The Human Centipede 2

I keep reading a lot about the ‘rights’ of individuals to watch whatever they want. Where does this ‘right’ come from? It certainly isn’t a ‘right’ recognised in the European Convention on Human Rights, which states:

1. Everyone has the right to freedom of expression. This right shall include freedom to hold opinions and to receive and impart information and ideas without interference by public authority and regardless of frontiers. This Article shall not prevent States from requiring the licensing of broadcasting, television or cinema enterprises. 
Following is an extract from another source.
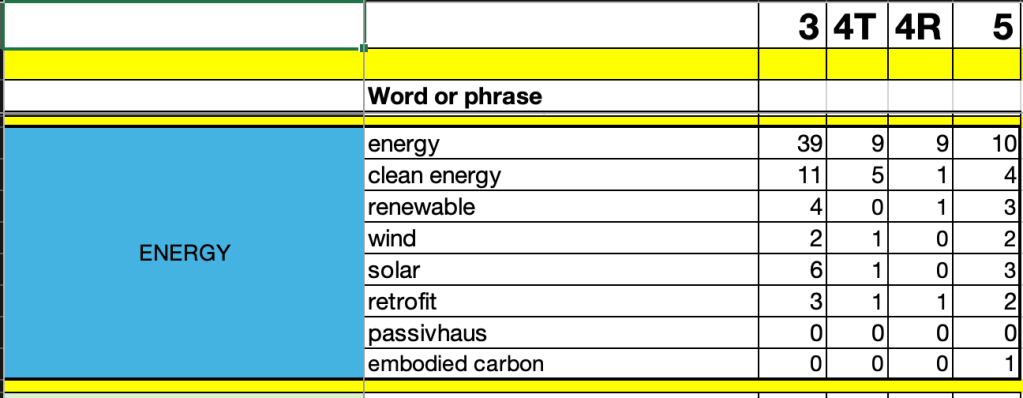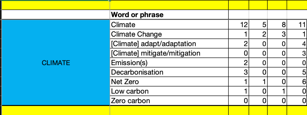 There are several hundred pages to go through here (874 pages to be precise), so I’ve done a bit of barefoot textual analysis as a first attempt to see what they have to say about the climate and nature emergencies.

2. The exercise of these freedoms, since it carries with it duties and responsibilities, may be subject to such formalities, conditions, restrictions or penalties as are prescribed by law and are necessary in a democratic society, in the interests of national security, territorial integrity or public safety, for the prevention of disorder or crime, for the protection of health or morals, for the protection of the reputation or rights of others, for preventing the disclosure of information received in confidence, or for maintaining the authority and im-partiality of the judiciary

This being a serious, grown-up document which recognise that there are always competing rights and responsibilities. Such as the responsibility of a filmmaker to acknowledge that the work they create contributes to our culture, and our culture is hugely powerful in shaping our values and our societal mores. Such as the right of everyone to fight against a culture where the brutalisation of women is presented as entertainment for men, as if this has absolutely no effect beyond entertaining the viewer. We don’t need research to look into the effect of culture on people – everyone has at some point been profoundly affected by art. We are moved, elated, inspired, angered, outraged…why then is it such a leap to believe that something with no purpose other than to present sexual brutalisation as entertainment can degrade a viewer?

The BBFC isn’t a perfect body and no-one would argue that it is. But I think only a complete fool would argue for its abolition or for its powers to be reduced. Allowing a free-for-all isn’t a mark of civilisation. Recognising competing rights and responsibilities, and the compelling power of culture to shape us all, is what is civilised.